Toolbrunup, 2024. Photo: Peter Morse

I’ve been here many times, my own unfolding time, entranced by their unique sudden-ness, their sense of place. They hold personal histories for me: mountains scaled as a teenager, through young adulthood; passionate love, new lives, efforts to climb, hoping one day to see miraculous snow; the fleeting, roiling sky. Memory. Autobiographical metaphor.

View from Toolbrunup, 1990. Photo : Peter Morse.

And these days, time later, I understand them as effigies of Deep Time, shards of the Albany-Fraser Orogeny, a connection betwixt the Yilgarn Craton and East Antarctica, theories about Laurentia, Rodinia and truly ancient time; entire continents lost long before humans despoiled the Earth – billions of years. A palimpsest of where life began, in folds of an ancient shallow sea.

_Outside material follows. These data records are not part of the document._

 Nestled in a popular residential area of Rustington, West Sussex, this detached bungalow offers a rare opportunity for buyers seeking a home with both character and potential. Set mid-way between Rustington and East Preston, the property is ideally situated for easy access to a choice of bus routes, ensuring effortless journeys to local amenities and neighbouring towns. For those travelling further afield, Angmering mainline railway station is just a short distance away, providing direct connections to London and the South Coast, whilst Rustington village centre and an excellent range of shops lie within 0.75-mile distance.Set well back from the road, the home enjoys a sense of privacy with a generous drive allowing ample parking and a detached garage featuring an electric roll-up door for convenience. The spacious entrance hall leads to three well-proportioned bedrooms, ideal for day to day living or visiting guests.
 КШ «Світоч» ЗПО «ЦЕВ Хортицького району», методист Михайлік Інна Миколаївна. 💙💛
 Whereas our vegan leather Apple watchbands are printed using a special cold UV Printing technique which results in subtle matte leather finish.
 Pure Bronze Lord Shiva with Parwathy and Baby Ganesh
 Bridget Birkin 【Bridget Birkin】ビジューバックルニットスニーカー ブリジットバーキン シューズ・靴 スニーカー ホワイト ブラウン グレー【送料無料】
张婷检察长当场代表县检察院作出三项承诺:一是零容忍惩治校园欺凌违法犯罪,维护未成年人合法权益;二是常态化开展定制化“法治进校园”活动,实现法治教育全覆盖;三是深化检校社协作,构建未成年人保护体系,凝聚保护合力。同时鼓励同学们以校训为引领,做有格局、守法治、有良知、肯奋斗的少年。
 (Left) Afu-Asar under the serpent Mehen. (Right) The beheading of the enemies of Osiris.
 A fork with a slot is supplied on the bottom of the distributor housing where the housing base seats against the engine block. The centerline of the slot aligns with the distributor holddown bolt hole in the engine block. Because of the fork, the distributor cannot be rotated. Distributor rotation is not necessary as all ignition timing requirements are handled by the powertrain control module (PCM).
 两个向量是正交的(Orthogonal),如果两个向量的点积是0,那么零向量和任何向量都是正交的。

Yes, amazingly, a record of the origin of life on Earth. Part of a much bigger cosmological story.

And, of course, before my personal mythos or absorbed scientific physis, they were re-imagined through Colonial eyes, through companions of Flinders, Baudin, Darwin and others, where the Australian Romantic Landscape (Chevalier, Piguenit etc.) articulated through the semiotic of C.D. Friedrich and the Northern Tradition (Constable, Turner et al.) and the Noble Savage (Rousseau, Cook etc.) was bloodied by dispossession and brutalisation of the Menang Noongar peoples of South Western Australia.

But they survived – and their originary stories have passed down through time immemorial. A living knowledge that, amazingly, survived all of this. I’m slowly learning what stories they have to tell. Trust is something to earn.

But for now – here it is. Seen from the sky, satellite eyes, radiometric observations from non-human wavelengths, technology built by thousands upon the basis of hundreds of years of technical evolution as we truly head into the new Machine Learning Age. Satellites orbiting the Earth, hundreds of kilometres above the atmosphere; charged-couple devices, the silicon language, beaming binary information to receiving stations, to databases, to vast data repositories, accessible around the world, where I can remotely run software routines based on ideas from the 17th-Century and earlier, to reimagine these pixels into a navigable space in a Game Engine, running on a computer at home.

And all made from the same originary quantum fields as the mountains are. As we are. It’s bizarre when you think about it. From time before there was time.